In GCA, stem-like CD4+ T cells have been identified in aortic tissue and may reside within tertiary lymphoid structures near vascular vessels. These cells maintain self-renewal and responsiveness, which is unusual in the elderly, and are able to generate differentiated effector T cells that infiltrate the aged neoantigen-rich vascular tissue. This discrepancy suggests that autoimmune diseases in the elderly may arise not only from weakened immunity but also from discordant aging between immune cells and peripheral tissues.
conclusion
Aging causes a progressive decline in immune integrity through metabolic stress, stem cell depletion, organelle dysfunction, and decline in lymphocyte stemness. As tolerance mechanisms weaken, B and T cells adopt more innate-like characteristics, increasing their vulnerability to autoimmunity. At the same time, immune regulation is disrupted by aging of the lymph nodes, vasculature, and bone marrow. Collectively, this creates conditions for inflammation and autoimmunity.

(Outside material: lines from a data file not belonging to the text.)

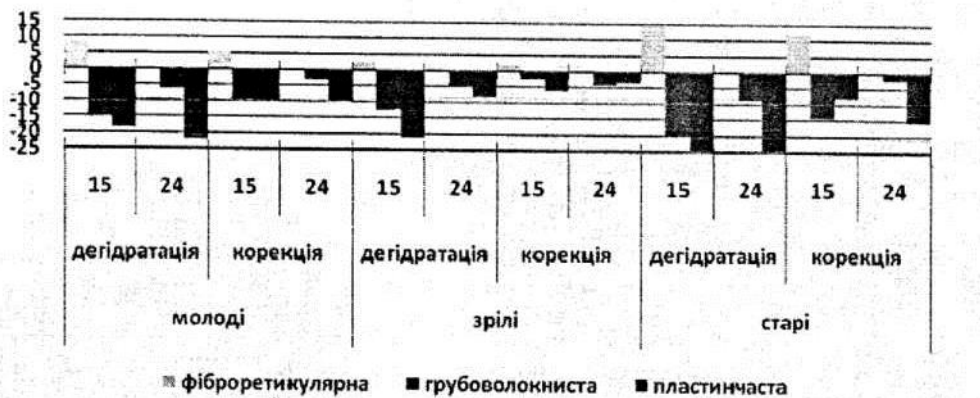
Рис 2. Відсоткове співвідношення тканин регенерату великогомілкових кісток експериментальних щурів різного віку

За допомогою растрової електронної мікроскопії на 15 добу спостерігається заповнення дефекту паралельно розташованими колагеновими волокнами, між якими знаходилася фіброретикулярна тканина. Новоутворена кісткова тканина виявляється в крайових відділах регенерату, представлена сіткою кісткових трабекул з високою щільністю остеобластів та поодинокими остеоцитами. Кісткового зрощення відламків не спостерігалось. Рентгенівський мікроаналіз поверхні травмованої кістки підтверджує ефективність застосування мукосату у молодих тварин, вміст кальцію у місці травми більше, ніж при важкому ступені на 6,25% ( p < 0,05 ), але нижче за контроль показники на 7,15% ( p < 0,05 ). Аналогічна картина відбувається з фосфором. На межі дефекту та на віддалені від нього рівень кальцію і фосфору залишається вищим за контрольні показники, але нижчим показників при важкому ступені.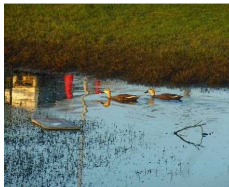
芝生広場にまだ水がついている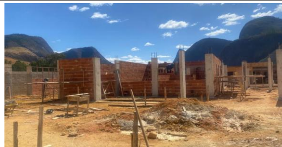
Foto 12 - Detalhes de após desformas de vigas, e paredes de alvenaria.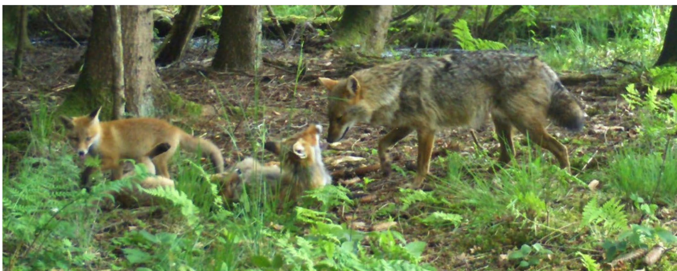
Un chacal doré interagissant avec une femelle renard roux et deux renardeaux roux (de droite à gauche).

Trente-deux observations avec les deux espèces apparaissant ensemble ont été enregistrées au cours de la période d'étude. Le comportement observé soulève des questions sur la coexistence des deux espèces et sur le comportement interspécifique des canidés sauvages en général. L'isolement social du chacal doré mâle observé pourrait être l'un des moteurs potentiels de l'interaction, car l'Allemagne se trouve actuellement à la limite de la distribution du chacal doré en Europe centrale.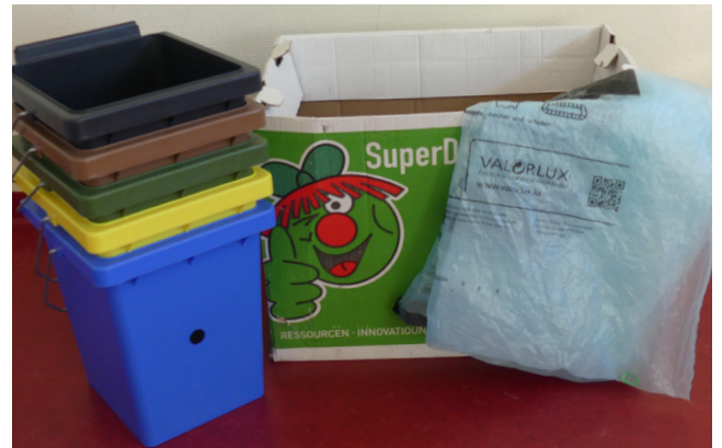
Set der Abfalleimer (SDK, Schwarz, Blau, Gelb, Grün, Braun, Valorluxtüte)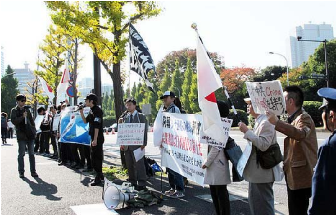
国土交通省前での緊急街宣のスナップ

一昨日の国会中継で自民党の棚橋泰文議員が菅首相に「胡錦濤主席とAPECで会談したら尖閣諸島は日本固有の領土だと主張するんですね」と繰り返し質問してました。すると、菅首相は「その通りです」とはわずに歯切れの悪い答弁を繰り返してましたので、また弱腰外交をするつもりだな、と見ていました。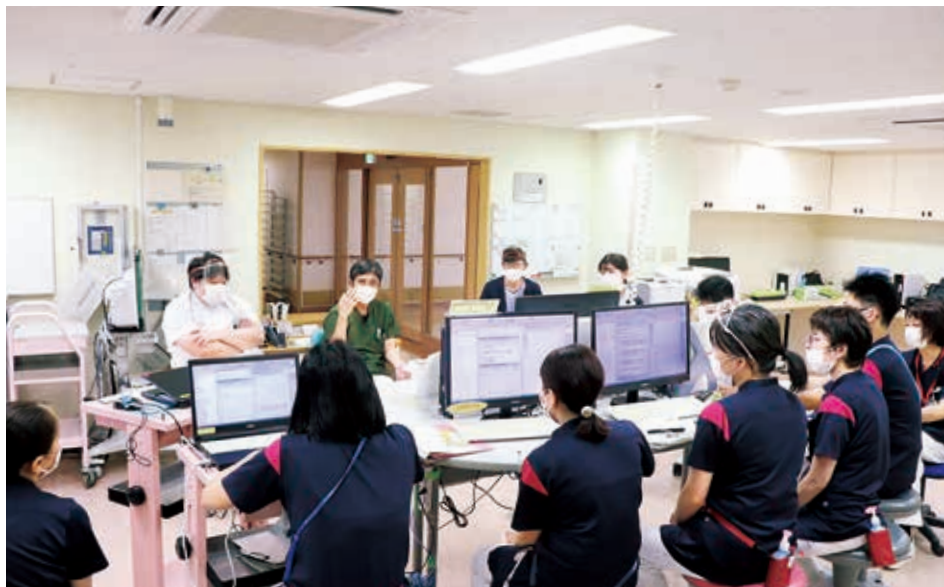
カンファレンスの様子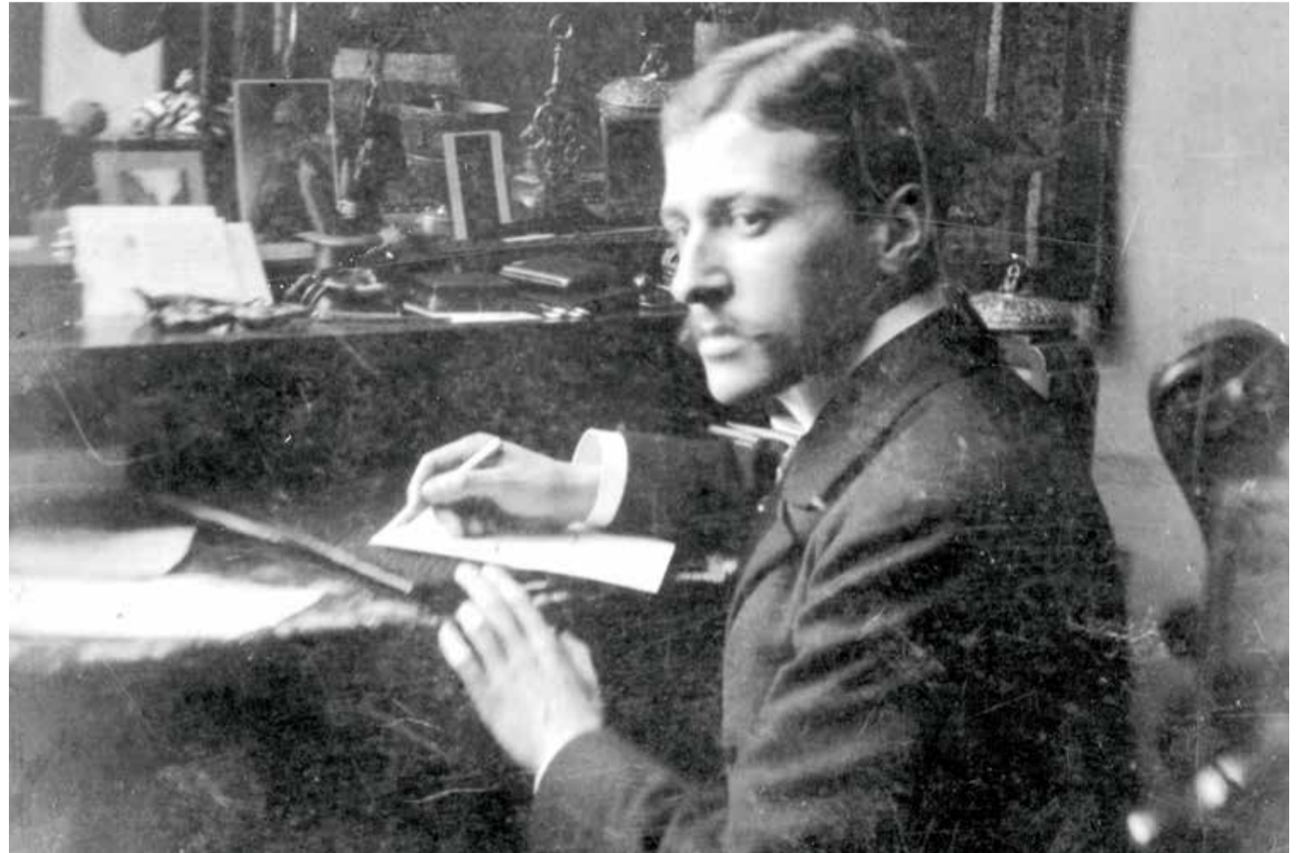
In Wien geboren, in Berlin und Dresden uraufgeführt: Wie viele österreichische Intellektuelle überquerte auch der Schriftsteller Hugo von Hofmannsthal die nach 1871 entstandenen politischen Grenzen mühelos

Denn die meisten Ungarn, Böhmen, Kroaten und so weiter lernten die Vorteile schätzen, die mit dem Gebrauch der deutschen Sprache und der Kenntnis anderer Umgangssprachen in Österreich-Ungarn verknüpft waren. Die „Reichsdeutschen“ sahen es nicht anders. Schließlich war die Donau-Monarchie ihr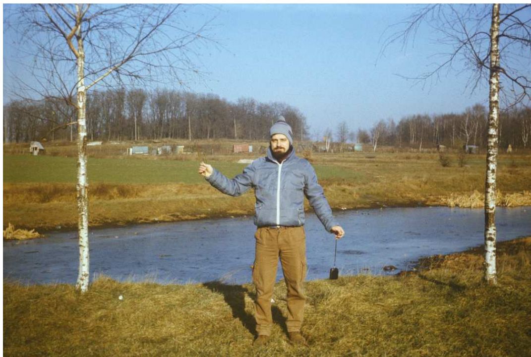
Fot. nr 171. Zima 1988/89.

The authors suggest that future therapeutic strategies should aim to restore metabolic resilience, improve organelle communication, maintain lymphocyte stemness, enhance mitochondrial repair, suppress sustained mTOR signaling, and correct maladaptive endoplasmic reticulum stress. Understanding the mechanisms of delayed immunosenescence may also lead to approaches to rejuvenate immune function, enhance vaccine responsiveness, and prevent age-related autoimmunity.